▶ _TASK STATEMENT_: Line by line, retype the material exactly and leave each picture out.

▶ _DATA SHOWN_:
-*-

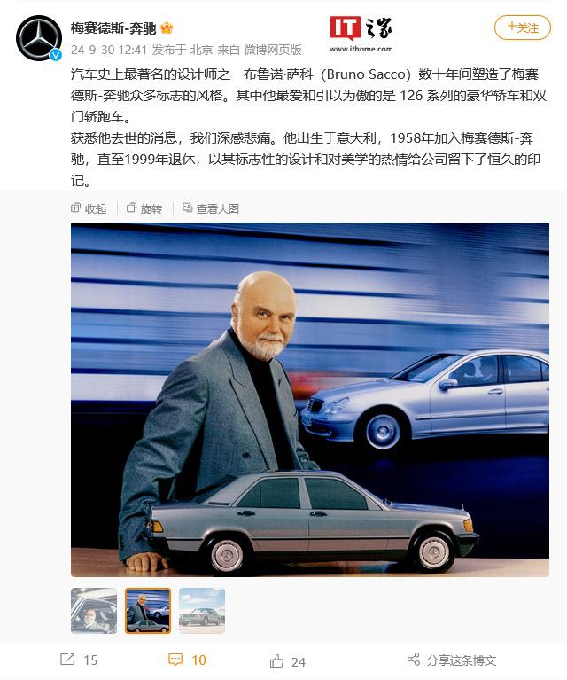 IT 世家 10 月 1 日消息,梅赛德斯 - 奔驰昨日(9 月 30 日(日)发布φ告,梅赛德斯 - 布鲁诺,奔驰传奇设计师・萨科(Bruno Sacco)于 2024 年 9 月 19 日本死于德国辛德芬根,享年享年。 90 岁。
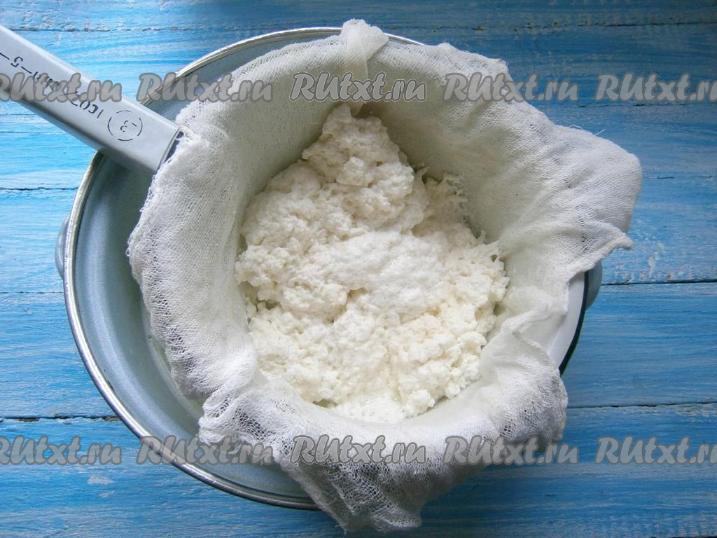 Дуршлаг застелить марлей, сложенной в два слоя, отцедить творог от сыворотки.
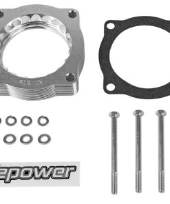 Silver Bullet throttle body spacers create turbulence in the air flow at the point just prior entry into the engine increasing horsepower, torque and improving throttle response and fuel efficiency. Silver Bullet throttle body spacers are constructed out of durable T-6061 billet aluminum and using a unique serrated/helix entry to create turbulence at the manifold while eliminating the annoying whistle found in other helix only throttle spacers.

-*-

▶ _EXERCISE SOLUTION_:
 IT 世家 10 月 1 日消息,梅赛德斯 - 奔驰昨日(9 月 30 日(日)发布φ告,梅赛德斯 - 布鲁诺,奔驰传奇设计师・萨科(Bruno Sacco)于 2024 年 9 月 19 日本死于德国辛德芬根,享年享年。 90 岁。
 Дуршлаг застелить марлей, сложенной в два слоя, отцедить творог от сыворотки.
 Silver Bullet throttle body spacers create turbulence in the air flow at the point just prior entry into the engine increasing horsepower, torque and improving throttle response and fuel efficiency. Silver Bullet throttle body spacers are constructed out of durable T-6061 billet aluminum and using a unique serrated/helix entry to create turbulence at the manifold while eliminating the annoying whistle found in other helix only throttle spacers.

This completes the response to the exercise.